Debemos replantearnos la política de seguridad en aeropuertos

¿Pero por qué tanta precaución? La historia de Mallorca data de 2006, el año en que sucedió un hecho que cambiaría el modo en el que viajamos para siempre.

Una década atrás, las autoridades británicas descubrieron una trama terrorista para volar un viaje transatlántico utilizando explosivos líquidos escondidos en bebidas de toda condición. Aunque fue desmantelada y debidamente juzgada, la cuestión alarmó a los responsables de la seguridad aeropuertoaria, que al albur del Liquid Bomb Plot impulsaron medidas aún más extremas (recrudecidas tras el 11-S) para extremar las precauciones.

Aeropuerto Viajar a un aeropuerto se ha convertido en una pesadilla. (Erez Attias/Unsplash)

El resultado fue una prohibición de líquidos superiores a 100 mililitros en casi todos los aeropuertos del mundo occidental, impulsada desde Gran Bretaña y recogida por la Comisión Europea en este código de aplicación para todos los estados miembros. Desde entonces, viajar se convirtió en algo un poquito más incómodo: más controles, menos posibilidades de transportar botellas de alcohol, salsas o productos líquidos de cualquier tipo y, en teoría, más seguridad.

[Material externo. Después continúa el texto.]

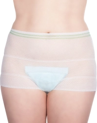 Il materiale retinato leggero e morbido assicura un libero flusso d'aria, non irrita la pelle e favorisce il comfort durante il puerperio.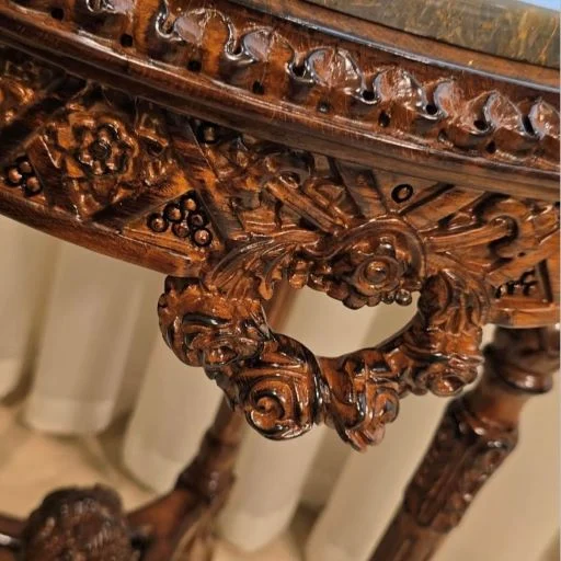 این میز از چوب راش ساخته شده است و منبت کاری شده. صفحه کار سنگ طبیعی می‌باشد. تنوع رنگ‌بندی در کار موجود است.

¿Qué ha sucedido diez años después? Ahora que la actividad terrorista parece muy lejos de los aviones y se centra en acciones mucho menos sofisticadas pero igual de letales algunas tribunas han comenzado a plantearse si no nos hemos pasado durante toda una década.

En origen, como reconoce la propia Comisión Europea, la norma era provisional: las colas y los retrasos se hicieron tan frecuentes durante el verano de 2006 que las compañías rápidamente comenzaron a implantar tecnología punta para escanear rápidamente equipajes, dispositivos electrónicos y líquidos. La idea era retirar la restricción una vez la tecnología se implantara. Lo segundo sucedió, pero lo primero, como muchas otras medidas que cambian pomposamente libertad por seguridad, no.

Aeropuerto 2 Aeropuerto libre de pesto. (chuttersnap/Unsplash)

Con el paso del tiempo, tanto las reglas estadounidenses como las europeas se han relajado. Ahora es posible introducir líquidos en bolsas herméticamente cerradas... Que prácticamente nadie lleva, y que son poco útiles cuando vas de viaje y, cuestiones del apetito, decides comprar una botella de aceite virgen en una tienda local. Y aquella medida temporal nos ha acompañado hasta hoy, incidiendo, como se argumenta aquí, en un estado de sospecha y alarma permanente y poco acogedor.

Y quizá práctico: ¿qué pasa si un terrorista decide utilizar algunas de las excepciones para transportar su líquido explosivo, como por ejemplo la leche para el bebé? ¿O si opta por repartirlo en diez botecitos menores de 100 mililitros? La lucha contra los explosivos se ha convertido en una lucha contra todos los líquidos (incluido el pesto), lo cual enfurece, con razón, a muchos pasajeros.

Diez años después, en Génova han utilizado una campaña publicitaria para poner fin a una medida que debía ser temporal. La cuestión es cuántos productos típicos necesitaremos para debatir sobre su utilidad.